Alexander Mikhaylov2009-05-21 04:38:13
Very true, but what shall be done... exactly?

Emanuel Paparella2009-05-21 10:25:07
I think it was the philosopher Whitehead who said that theory without praxis is sterile while praxis without theory is blind. What I am saying is that both erudite doctors, judging from their writings, may suffer from the former phenomenon. More harmony between the two is needed on the part of those who pride themselves of their clever analysis with which they criticize and advise the pragmatic politicians, but they do not lift a finger to remove the burden of ignorance and bias behind much modern ideological activism.
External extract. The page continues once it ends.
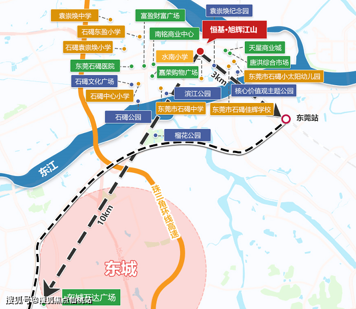 恒基·旭辉江山距离袁崇焕纪念园仅约500米,约800米就能直达东江湾畔,优享公园生态和文化休闲资源,6大商圈、6处公园、8所学府环伺,约3公里直达R2线榴花公园站、珠三角环线高速石碣站;约十来公里即达东城万达、国贸城、汇一城商圈,畅享东莞主城配套生活圈。

Which of course does not mean that we should engage in mindless activism based on "political correctness." To know exactly what needs to be done theory is needed first.

Bemused2009-05-23 17:23:03
Paparella might read Coulter's text with more care... It seems quite clear the silent majorites are doing fine... nothing needs to be fixed here except perhaps Paparella's beleif in the Easter Bunny?

Emanuel Paparella2009-05-24 03:17:44
Indeed one cannot but be bemused by the bemused masked interlocutor. The disrespectful mode of address seems quite familiar...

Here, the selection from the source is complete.